2. Processing of Personal Data.

   1. This DPA applies when Personal Data is Processed by Josys on behalf of Customer. As between Customer and Josys, at all times Customer will act as the “Controller” and Josyswill act as the “Processor” with respect to the Personal Data.

   2. The subject matter of the Processing under this DPA is Personal Data provided to Josys byCustomer and its Tenants in connection with the Services. The duration of the Processing under this DPA is for the term of this DPA and the Agreement. The purpose of the Processing of Personal Data under this DPA is for Josys to provide the Services to Customer. The nature of the Processing is the provision of the Services by Josys and as more specifically described in the Agreement. The type of data is the Personal Data uploaded to the Services by Customer and its Tenants at its sole discretion. The categories of Data Subjects may include, but is not limited to employees, contractors, agents, advisors and agents (who are natural persons) of Customer, Tenant and its service providers.

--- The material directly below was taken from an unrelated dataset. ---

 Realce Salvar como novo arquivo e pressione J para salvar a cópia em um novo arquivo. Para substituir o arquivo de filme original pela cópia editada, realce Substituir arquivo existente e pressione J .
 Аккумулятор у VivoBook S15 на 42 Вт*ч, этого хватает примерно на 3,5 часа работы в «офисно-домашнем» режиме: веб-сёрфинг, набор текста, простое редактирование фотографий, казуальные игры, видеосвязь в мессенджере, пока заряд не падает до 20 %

   3. Customer shall, in its use of the Services, Process Personal Data in accordance with the requirements of applicable Data Protection Laws, including any applicable requirement to provide notice to, or obtain the consent of, Data Subjects of the use of Josys as Processor. Customer shall have sole responsibility for the accuracy, quality, and legality of Personal Data and the means by which Customer acquired Personal Data.

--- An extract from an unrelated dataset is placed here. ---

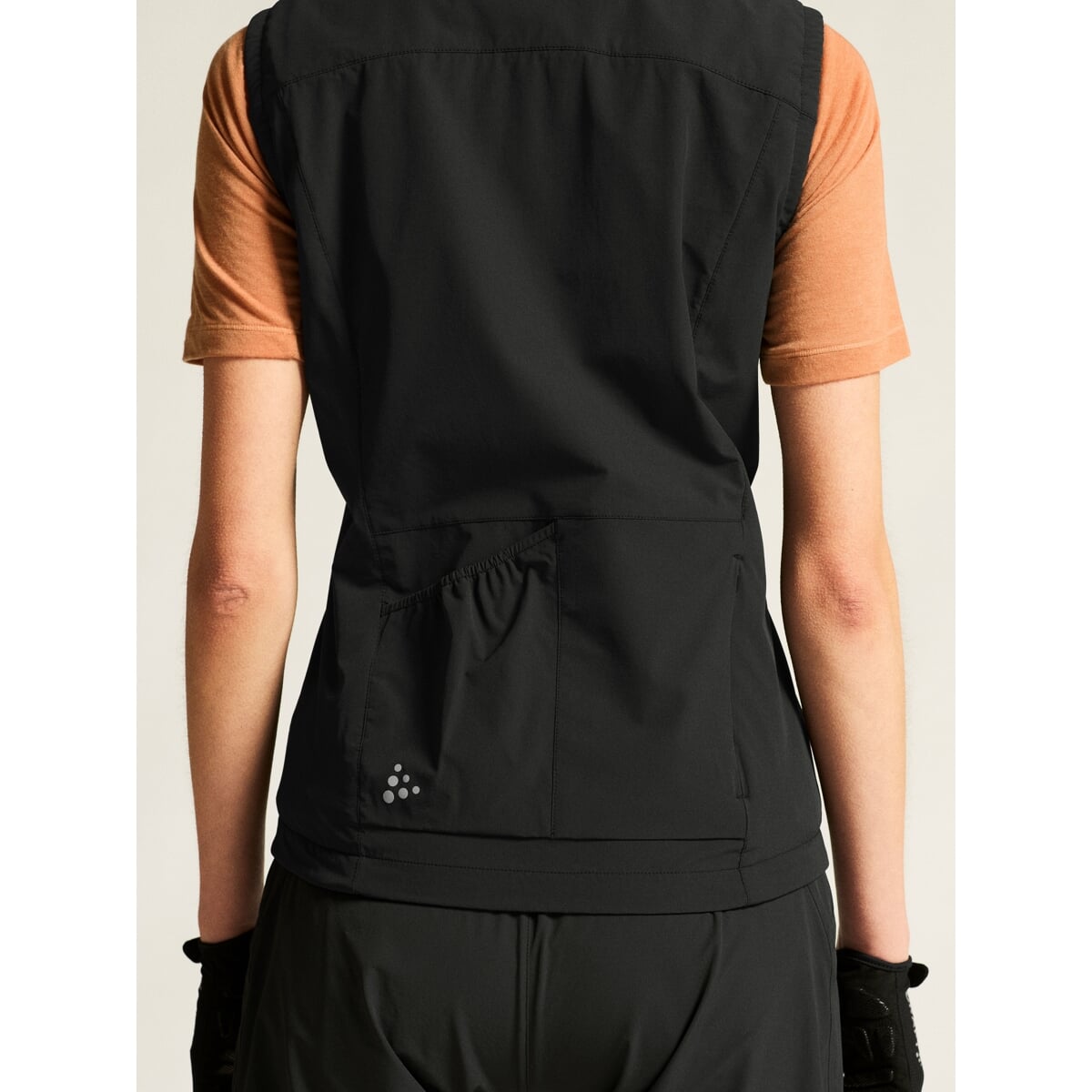 CRAFT Everyday Thermal Wind je teplá, větru odolná vesta s vodu odpudivou úpravou. Je připravena spolehlivě zahřát při ranních cestách do práce, ale i při vyjížďkách v chladném či větrném počasí. Svrchní vrstva ochrání cyklistku před větrem nebo lehkých deštěm, zatímco strukturovaný fleece z vnitřní strany dodá optimální tepelný komfort. Vesta je velmi elastická, takže se skvěle přizpůsobí postavě. Dvě větší zadní kapsy doplňuje třetí menší na zip. Z vnitřní části spodního lemu je silikonový potisk.

   4. Josys shall Process Personal Data received from Customer as a Processor only for the purposes described in the Agreement and as necessary to perform its obligations under the Agreement and strictly in accordance with the documented instructions of Customer except where otherwise required by any applicable Data Protection Laws.

   5. Josys agrees and certifies that it shall not collect, use, or retain Personal Data except to perform the obligations of the Agreement and will not “sell” or “share” Personal Data (as the terms “sell” and “share” are defined under the CCPA.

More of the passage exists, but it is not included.